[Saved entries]
# # # #

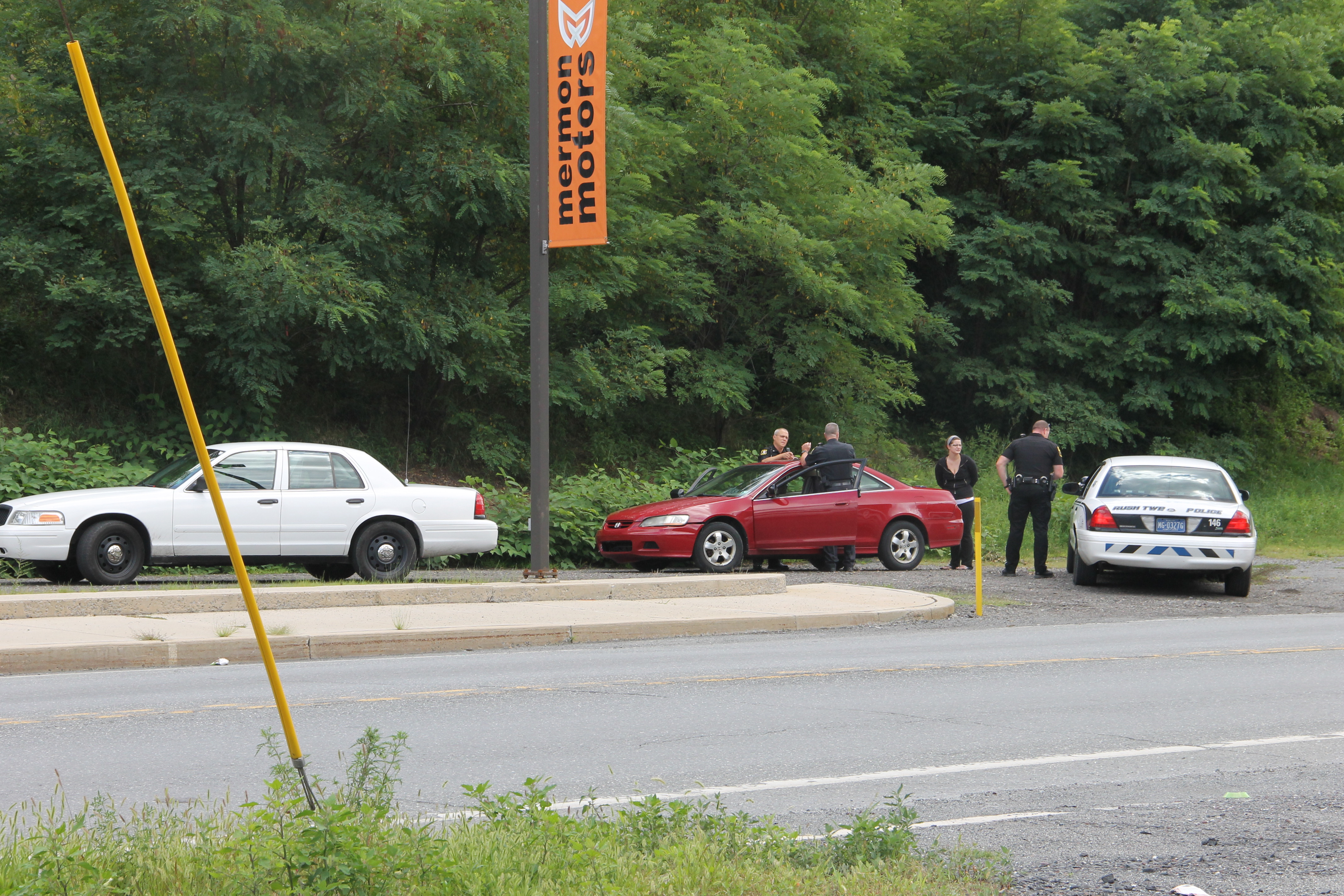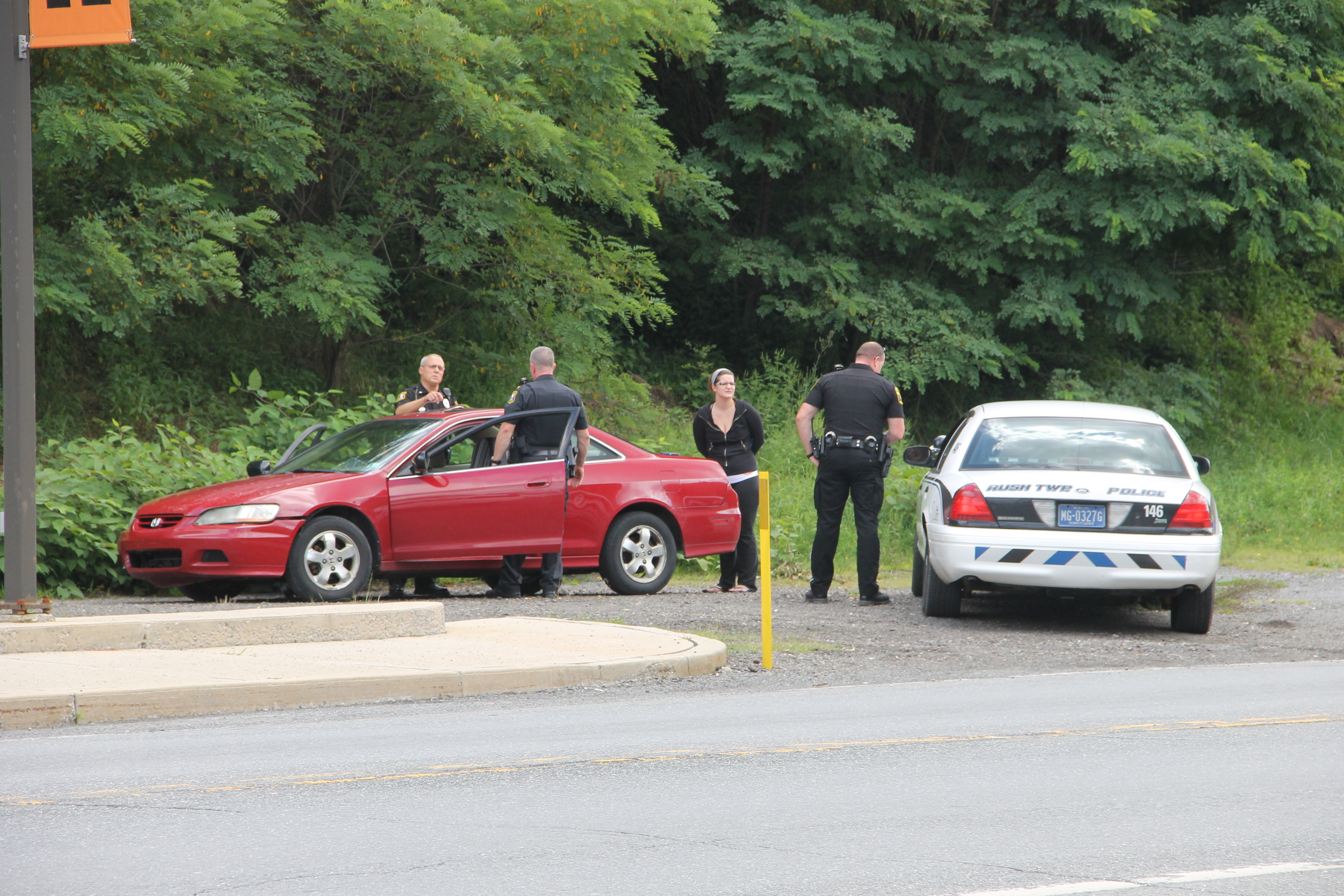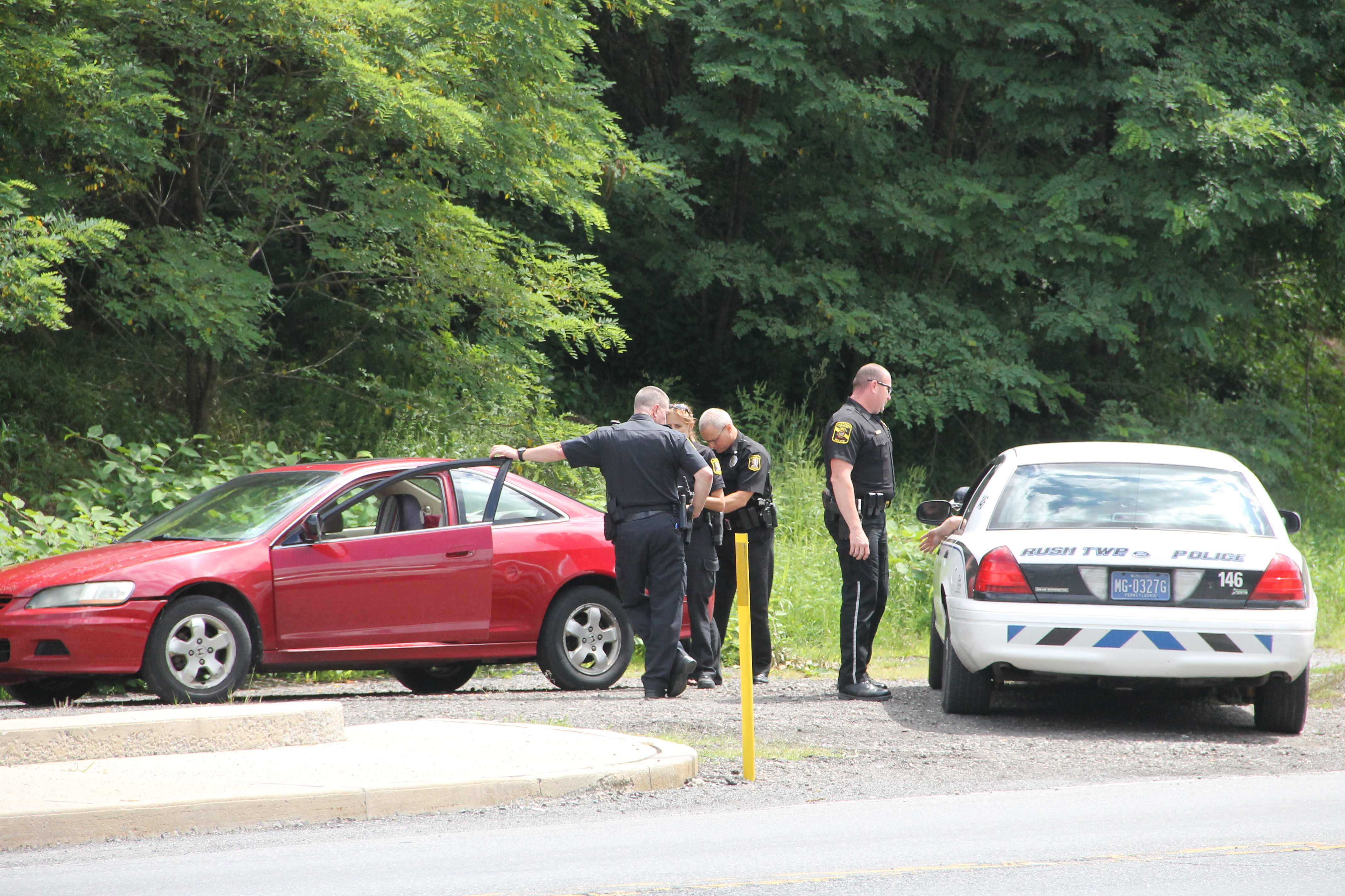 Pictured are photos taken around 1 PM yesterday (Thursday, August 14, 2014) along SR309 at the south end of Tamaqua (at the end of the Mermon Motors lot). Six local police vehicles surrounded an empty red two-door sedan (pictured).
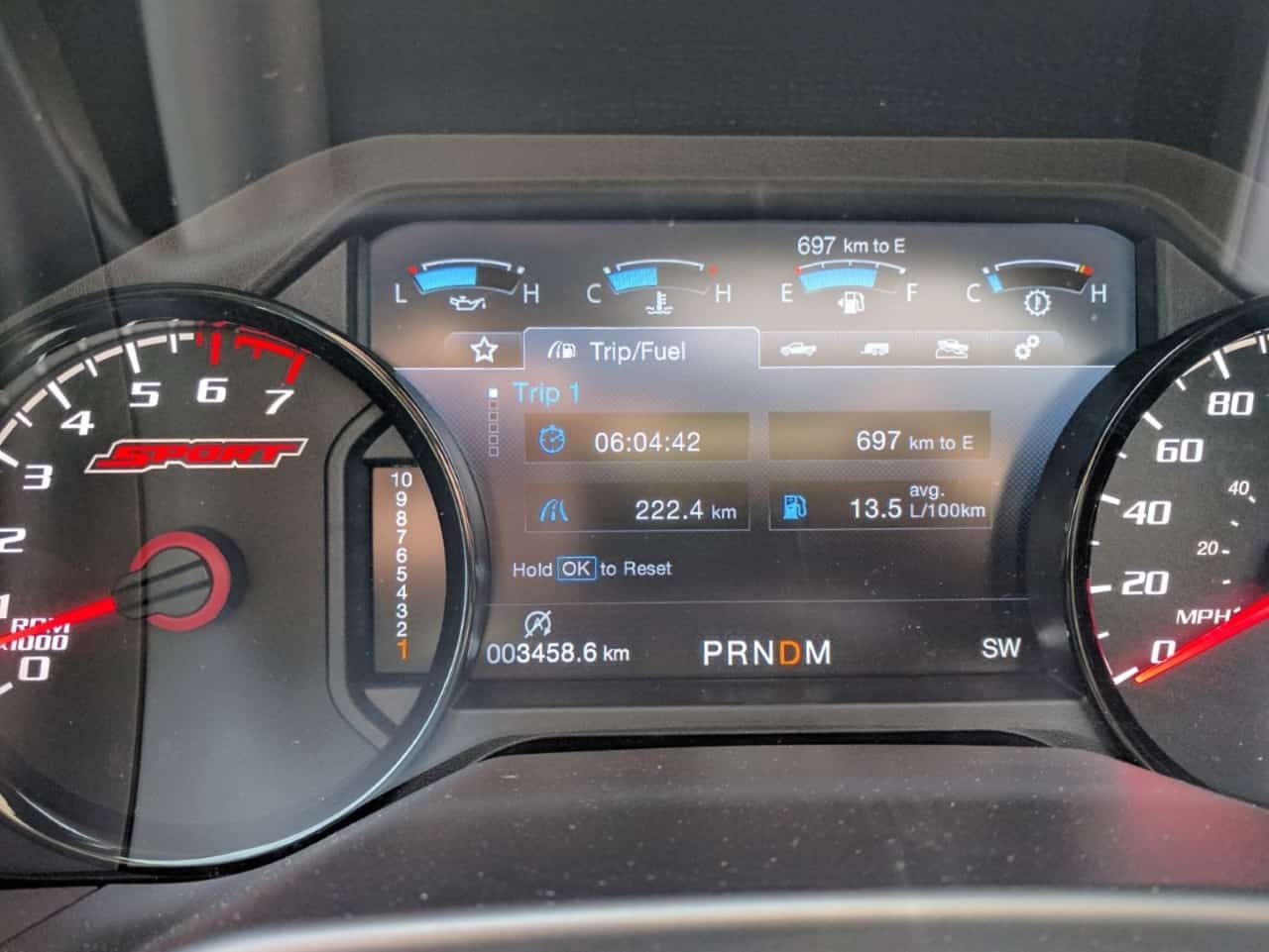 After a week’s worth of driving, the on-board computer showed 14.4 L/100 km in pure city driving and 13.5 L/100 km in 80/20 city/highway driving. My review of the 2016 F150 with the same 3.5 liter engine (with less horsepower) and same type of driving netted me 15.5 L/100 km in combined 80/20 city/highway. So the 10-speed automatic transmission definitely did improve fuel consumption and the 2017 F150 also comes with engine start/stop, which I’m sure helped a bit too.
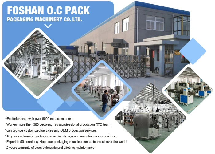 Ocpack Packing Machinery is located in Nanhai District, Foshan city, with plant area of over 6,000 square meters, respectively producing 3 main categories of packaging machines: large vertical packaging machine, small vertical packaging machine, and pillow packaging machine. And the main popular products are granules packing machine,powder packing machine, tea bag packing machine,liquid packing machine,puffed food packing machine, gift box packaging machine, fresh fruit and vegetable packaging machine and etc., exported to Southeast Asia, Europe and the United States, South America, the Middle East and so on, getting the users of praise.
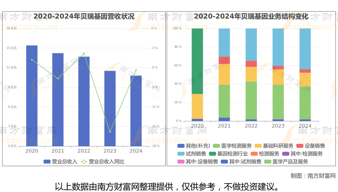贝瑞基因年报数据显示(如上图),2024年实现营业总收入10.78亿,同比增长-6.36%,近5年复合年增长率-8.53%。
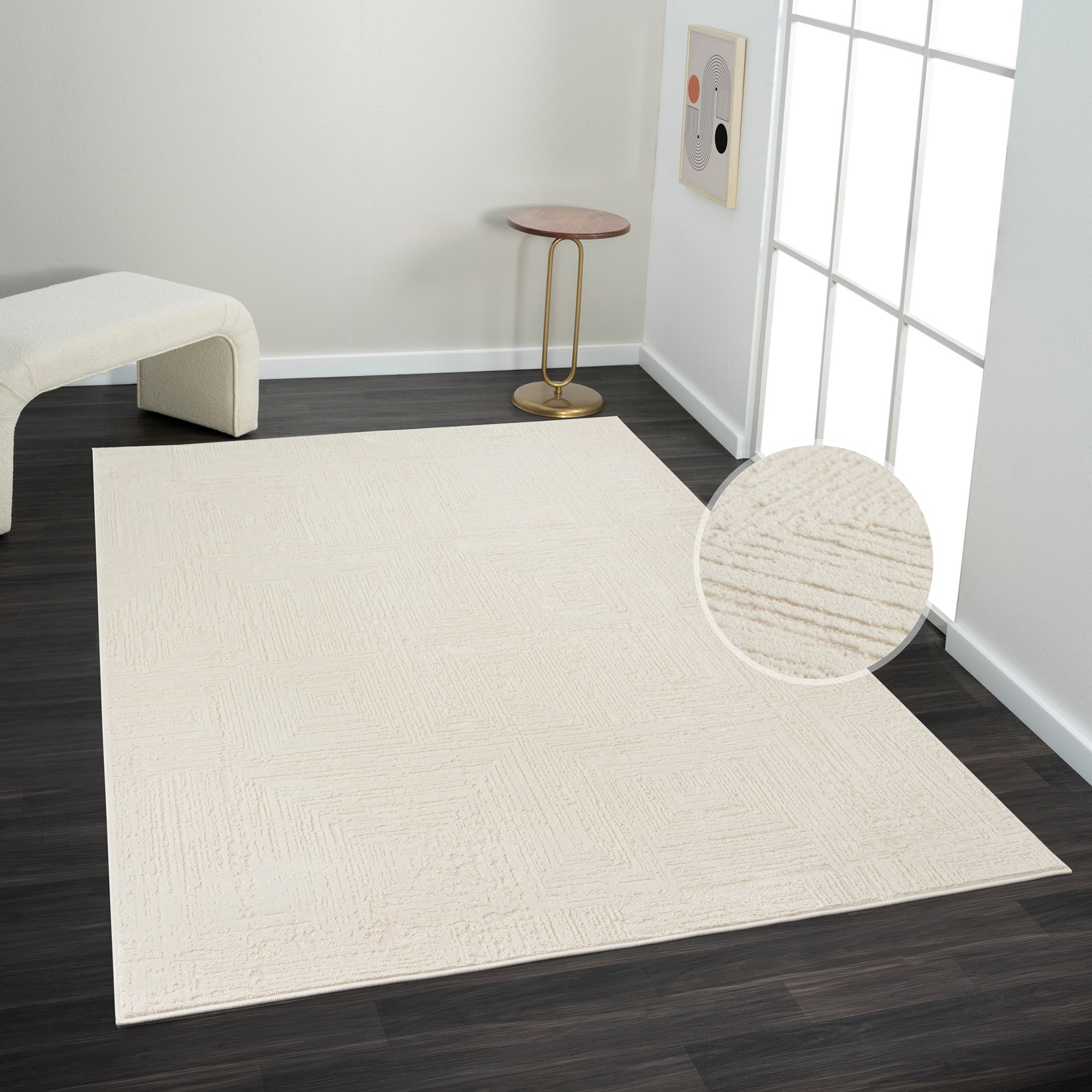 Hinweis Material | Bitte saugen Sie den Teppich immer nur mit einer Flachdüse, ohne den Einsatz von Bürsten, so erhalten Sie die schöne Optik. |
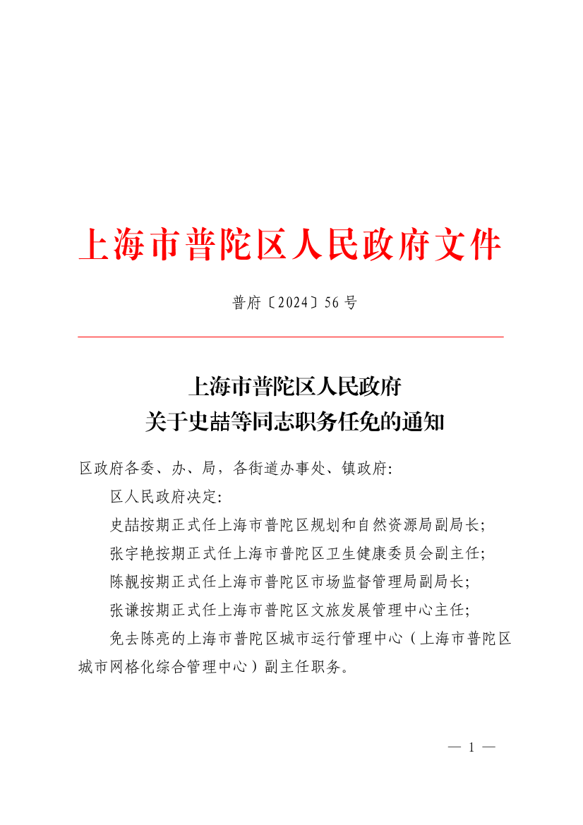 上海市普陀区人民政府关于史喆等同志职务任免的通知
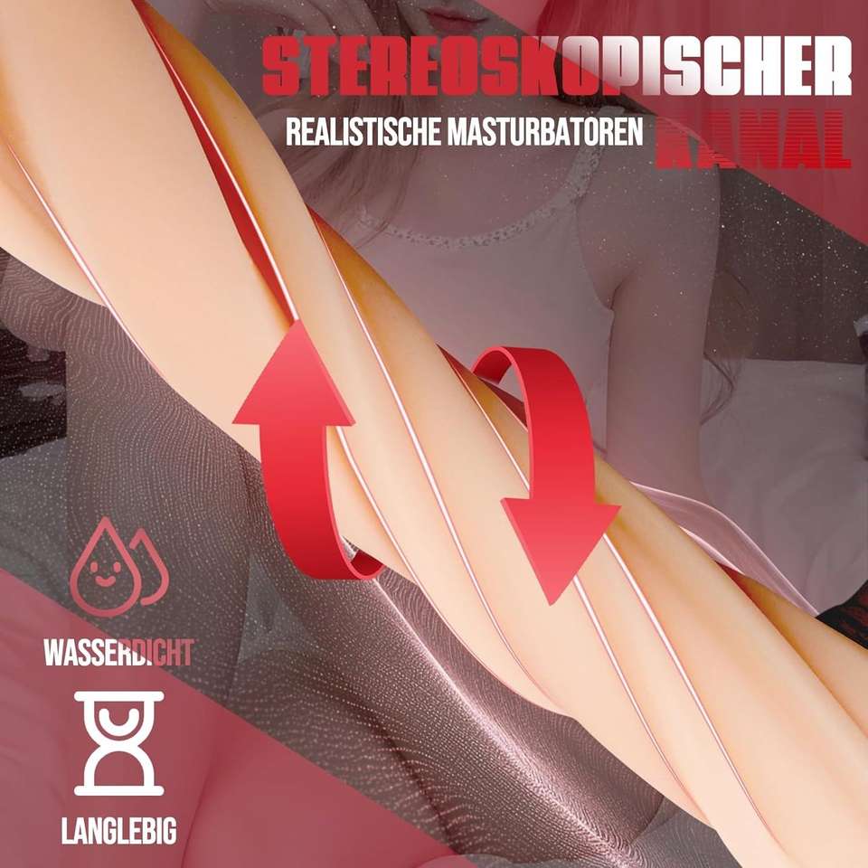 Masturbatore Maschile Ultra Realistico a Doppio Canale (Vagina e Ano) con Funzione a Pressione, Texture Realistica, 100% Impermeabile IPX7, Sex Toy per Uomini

# # # #

The full set of entries should be transcribed exactly, pictures left aside.

 Pictured are photos taken around 1 PM yesterday (Thursday, August 14, 2014) along SR309 at the south end of Tamaqua (at the end of the Mermon Motors lot). Six local police vehicles surrounded an empty red two-door sedan (pictured).
 After a week’s worth of driving, the on-board computer showed 14.4 L/100 km in pure city driving and 13.5 L/100 km in 80/20 city/highway driving. My review of the 2016 F150 with the same 3.5 liter engine (with less horsepower) and same type of driving netted me 15.5 L/100 km in combined 80/20 city/highway. So the 10-speed automatic transmission definitely did improve fuel consumption and the 2017 F150 also comes with engine start/stop, which I’m sure helped a bit too.
 Ocpack Packing Machinery is located in Nanhai District, Foshan city, with plant area of over 6,000 square meters, respectively producing 3 main categories of packaging machines: large vertical packaging machine, small vertical packaging machine, and pillow packaging machine. And the main popular products are granules packing machine,powder packing machine, tea bag packing machine,liquid packing machine,puffed food packing machine, gift box packaging machine, fresh fruit and vegetable packaging machine and etc., exported to Southeast Asia, Europe and the United States, South America, the Middle East and so on, getting the users of praise.
贝瑞基因年报数据显示(如上图),2024年实现营业总收入10.78亿,同比增长-6.36%,近5年复合年增长率-8.53%。
 Hinweis Material | Bitte saugen Sie den Teppich immer nur mit einer Flachdüse, ohne den Einsatz von Bürsten, so erhalten Sie die schöne Optik. |
 上海市普陀区人民政府关于史喆等同志职务任免的通知
 Masturbatore Maschile Ultra Realistico a Doppio Canale (Vagina e Ano) con Funzione a Pressione, Texture Realistica, 100% Impermeabile IPX7, Sex Toy per Uomini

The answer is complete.